45. A database encoding method, which comprises:
selecting a field of a database;
identifying a plurality of data items within the field selected from a group consisting of a data value, a data value combination, a word or a phrase;
listing the different data items;
sorting the list by frequency of occurrence of the data items within the field to provide a rank for each data item;
associating a unique number with each listed data item to create a translation table, each unique number corresponding to the rank of the listed data item, where the smallest unique number corresponds to the most frequently occurring data item and the largest unique number corresponds to the least frequently occurring data item, the associated unique number being a numeric equivalent of the data item;
specifying a code length having a fixed number of bits L;
determining a first threshold as a function of the code length, said first threshold representing the maximum allowable numeric equivalents within the translation table;
determining a second threshold representing an acceptable number of occurrences of individual data item entries within a range of the numeric equivalents wherein said range is a function of L;
comparing the amount of numeric equivalents to the first threshold and the total number of individual data item entries within the range to the second threshold;
encoding all the numeric equivalents with a single-length code of length L if the comparison step indicates that the first threshold is not exceeded;
encoding the numeric equivalents with a combination code if the comparison step indicates that the first threshold is exceeded and the second threshold is exceeded, where the combination code is of length L for the numeric equivalents less than or equal to the maximum value of the range, and of length n*L for all other numeric equivalents, where n is the smallest positive integer necessary to represent a particular numeric equivalent as a binary number;
encoding all the numeric equivalents with a variable-length code if the comparison step indicates that first threshold is exceeded and the second threshold is not exceeded, where the variable length code is of length n*L; and
creating a plurality of compacted data values by replacing the data items with the encoded numeric equivalents.

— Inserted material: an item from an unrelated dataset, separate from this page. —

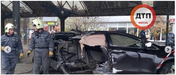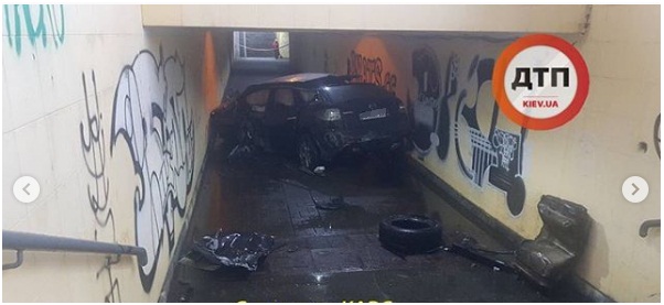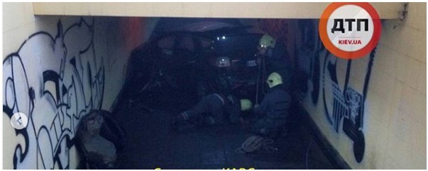 В Киеве в подземный переход въехал автомобиль и залил всё бензином

46. A database encoding method according to claim 45, wherein L equals 8 and the single-length code comprises each numeric equivalent modulo 256.
47. A database encoding method according to claim 45, wherein L equals 8 and the combination code comprises:
a one byte binary number equal to the each numeric equivalent less than 256;
a one byte binary number for each numeric equivalent in the range of 256 to 511 which is equal to the numeric equivalent minus 256; and
a binary number equal to each numeric equivalent greater than 512 which uses the smallest necessary integral-number of bytes and is equal to the numeric equivalent minus 512.
48. A database encoding method according to claim 45 wherein L is equal to 8 bits, the first threshold is approximately between 960 to 990, the range of the numeric equivalents contains those having a rank of 256 to 511, and the second threshold is approximately between 0.25 to 0.35 times the total number of database records.
49. A database structure comprising:
a plurality of compacted data values;
a plurality of compacted records each having a record length and comprising a plurality of fields, the fields containing the compacted data values;
a plurality of subpartitions comprising the compacted records, all of the compacted records associated with a particular one of the subpartitions having an identical record type designation specifying a plurality of pack methods dependent on the fields;
a plurality of storage partitions comprising the subpartitions, all of the compacted records associated with a particular one of the partitions such that the compacted records of each partition are of identical record length;
a database image comprising the partitions; and
a record information table equating the subpartitions to the record type designations.
50. A database structure according to claim 41, which further comprises a translation table containing a plurality of entries, each entry associating a specific compacted data value to an equivalent uncompacted data value.
51. A database structure according to claim 41, further comprising an index, for efficiently searching the database image.
52. A database structure according to claim 41, further comprising a plurality of indices for efficiently searching the database image, such that a single index that results in the least number of records to be searched can be chosen from the plurality of indices.
53. A database structure according to claim 49, further comprising:
a mass storage medium capable of being accessed by a computer system, the database image and record information table being stored on the mass storage medium.
54. A database structure according to claim 53, wherein the mass storage medium is a CD-ROM.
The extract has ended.